Architecture Overview¶
LayerCode Gym sits between your test code and the Layercode platform, simulating real voice clients.
┌──────────────┐ ┌─────────────────┐ ┌──────────────┐
│ Your Test │────▶│ LayerCode Gym │────▶│ Your Backend │
│ Code │ │ Client │ │ Server │
└──────────────┘ └─────────────────┘ └──────────────┘
│ │
│ ▼
│ ┌──────────────┐
└───────────────▶│ Layercode │
│ Platform │
└──────────────┘
Authorization Flow¶
- Test code creates a
LayercodeClientwith aUserSimulator - Client requests authorization from YOUR backend server (
SERVER_URL) - Backend returns a
client_session_keyfrom Layercode - Client connects to Layercode WebSocket using that key
- Conversation proceeds with the UserSimulator providing responses
The client never hits Layercode's API directly - it always goes through your backend first.
User Simulators¶
The UserSimulator is the heart of LayerCode Gym. It generates user responses during conversations.
Three Factory Methods¶
1. from_text() - Fixed Messages¶
Best for regression testing and fast iteration:
from layercode_gym import UserSimulator
simulator = UserSimulator.from_text(
messages=[
"Hello! I'm interested in your services.",
"Tell me more about pricing.",
"Thank you, goodbye."
],
send_as_text=True # Fast mode - no TTS needed
)
When to use: - Regression testing with known scenarios - Quick debugging of conversation flow - Testing specific edge cases - CI/CD pipelines (fastest execution)

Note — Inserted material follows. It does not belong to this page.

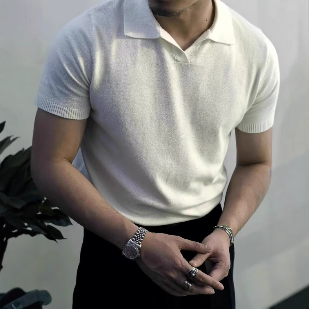 翻领商务polo男针织衫海鸥领t恤男休闲纯色修身美式男士夏季短袖

2. from_files() - Pre-recorded Audio¶
Best for testing transcription and audio handling:
from pathlib import Path
simulator = UserSimulator.from_files(
files=[
Path("audio/intro.wav"),
Path("audio/question.wav"),
Path("audio/goodbye.wav")
]
)
When to use: - Testing transcription accuracy - Stress testing with various audio qualities - Testing different accents and speaking styles - Testing background noise handling
3. from_agent() - AI-Driven Personas¶
Best for realistic, dynamic conversations:
from layercode_gym import Persona
persona = Persona(
background_context="You are a 35-year-old small business owner",
intent="You want to understand pricing and features"
)
simulator = UserSimulator.from_agent(
persona=persona,
model="openai:gpt-5-mini", # or "anthropic:claude-3-5-sonnet"
max_turns=5,
send_as_text=False # Auto-creates TTS engine
)
When to use: - Simulating realistic user behavior - Testing conversation flow and context handling - Exploratory testing of edge cases - Evaluating agent personality and tone
Wait Handling for AI Agents¶
When testing voice agents that perform long-running operations (API calls, database queries, file processing), the AI simulator needs to wait intelligently rather than responding immediately.
How it works:
- Assistant says "Please wait while I process that..." or "This takes about 10 seconds..."
- AI simulator returns
WaitForAssistant(wait_seconds=12)instead of responding - System waits, then re-invokes the simulator with the updated assistant message
- Simulator sees the full accumulated message and decides: wait more or respond
The WaitContext:
When waits occur, the simulator receives context about its waiting history:
# In your custom simulator or agent
def handle_request(request: UserRequest):
if request.wait_context:
print(f"Waited {request.wait_context.wait_count} times")
print(f"Total wait: {request.wait_context.total_wait_seconds}s")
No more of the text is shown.